Firstly, it is not a theory. If you read Marx you find common themes, that's true. You find a definite method in his work, that is also true. What it is not is a rigid dogma. Or at least it shouldn't be. As Cyril Smith writes
(http://www.marxists.org/reference/archive/smith-cyril/works/millenni/smith2.htm).Even in their lifetimes, Marx (1818-1883) and Engels (1820-1895) were dismayed to see their fundamental notions buried under the myth of infallibility. Marx would have been utterly hostile to the statement of Plekhanov (1856-1918) that ‘Marxism is an integral world outlook’. In fact, only a fraction of Marx’s original plan for his work was ever completed. By the time of his death, bourgeois society was already entering a new stage. A large and important part of his writings remained as unedited and undeciphered manuscripts, unknown even to Engels
It is a dangerous, but almost ubiquitous notion of both friends and foes of Marxism that there's a body of work out there that tries to answer all problems. Of course no human mind can do that. Marx's detractors are right to argue that there is no recipe for a future Utopia in Marx's work. There was never intended to be one.
It suited the benighted bureaucrats of the Soviet Union to make “Marxism” into a state religion.
(http://www.marxists.org/reference/archive/smith-cyril/works/millenni/smith2.htm).The name of Marx was now obscenely linked with the ‘theory’ of this Party. In that terrible time, the very terms ‘socialism’ and ‘communism’ came to be identified with this monstrosity. But even for those who could see what a falsification this was, the ideas of Marx became inextricably fouled up in the network of bureaucratic assumptions, including terms like ‘workers’ state’, ‘revolutionary party’, and ‘orthodox theory’. The name of Marx, who stood for the liberation of mankind from exploitation and the disappearance of state oppression, became entangled with the defence of the privileges of a bureaucratic caste and the power of a brutal state apparatus
But they were not the first. An orthodoxy was already starting to emerge long before the Stalinists took a stranglehold of the communist movement. Trotsky wrote
(http://www.marxists.org/reference/archive/smith-cyril/works/millenni/smith2.htm).In the hands of the Party is concentrated the general control.... It has the final word in all fundamental questions.... The last word rests with the Central Committee.... We have more than once been accused of having substituted for the dictatorship of the soviets the dictatorship of our party. Yet it can be said with complete justice that the dictatorship of the soviets became possible only by means of the dictatorship of the party
The notion of orthodoxy persisted even amongst its dissidents afterwards.

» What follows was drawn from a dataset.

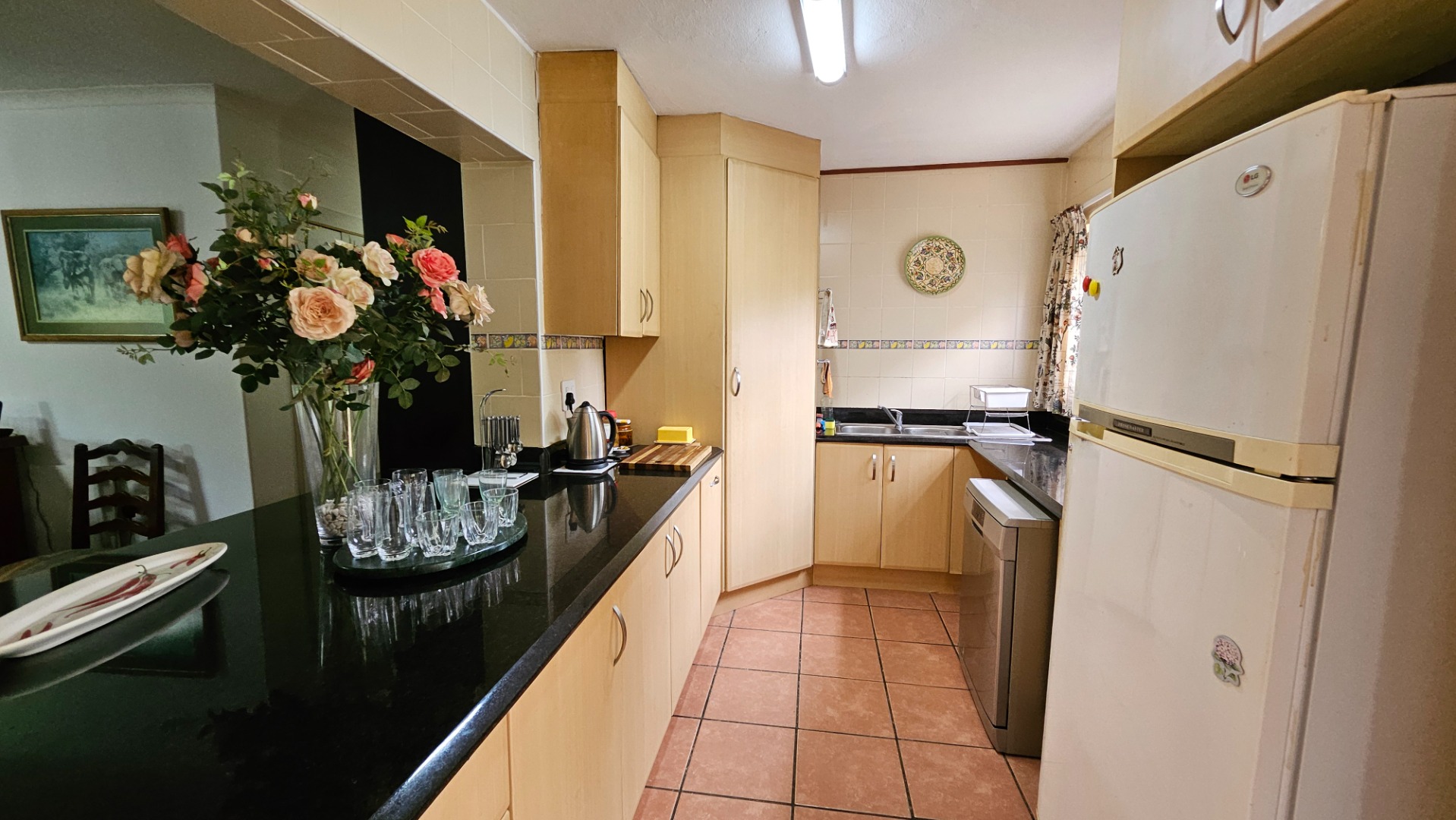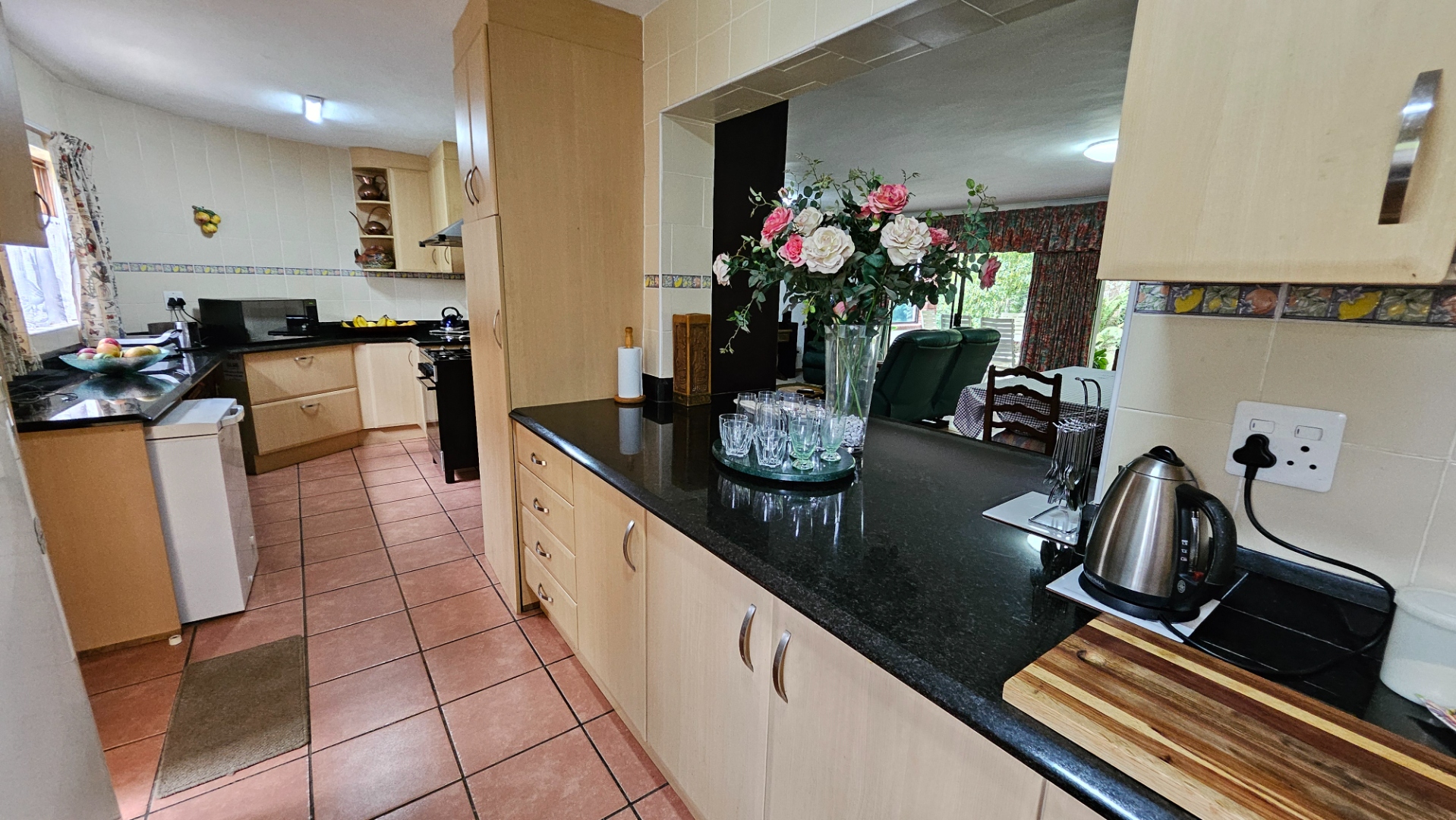 The beautifully appointed granite top kitchen offers plenty of storage space, and the combined open plan living room opens onto a covered patio with garden views.

(http://www.marxists.org/reference/archive/smith-cyril/works/millenni/smith2.htm).Even those who fought against the murder-machine which was ideologically lubricated by this stuff could not escape being affected by it. Trotsky (1879-1940) and his supporters struggled to maintain the outlook which inspired and guided the Russian Revolution and the formation of the Communist International. With whatever voice they had, they denounced the lies and corruption of Stalinism – especially the lie that Stalin’s Russia was ‘socialism’. But they never had the theoretical resources to penetrate to its philosophical core. The best they could do was to show that Stalinist policies and distortions were contrary to the decisions of Lenin’s party and the teachings of ‘Marxism’
The weight of orthodoxy has managed to bury Marxism in so much sludge that people believe that Marxism is synonymous with that orthodoxy. I would argue that this has nothing to do with Marx himself who was long since dead and gone.
To be continued...
DominicGee
Nice one, I am learning so much. It's refreshing to read this stuff that doesn't go on (like in that awesome example) about the bougouise, proletariat, evil capitalists and the joys of vegetarianism in one long convoluted stream of conciousness that is such a common feature of 'lefties'. I actually feel myself being persuaded, though I am resisting at every turn. Maybe it's because you did me the honour of quoting me.
How do you get a quote in a box like that? I cant figga i at.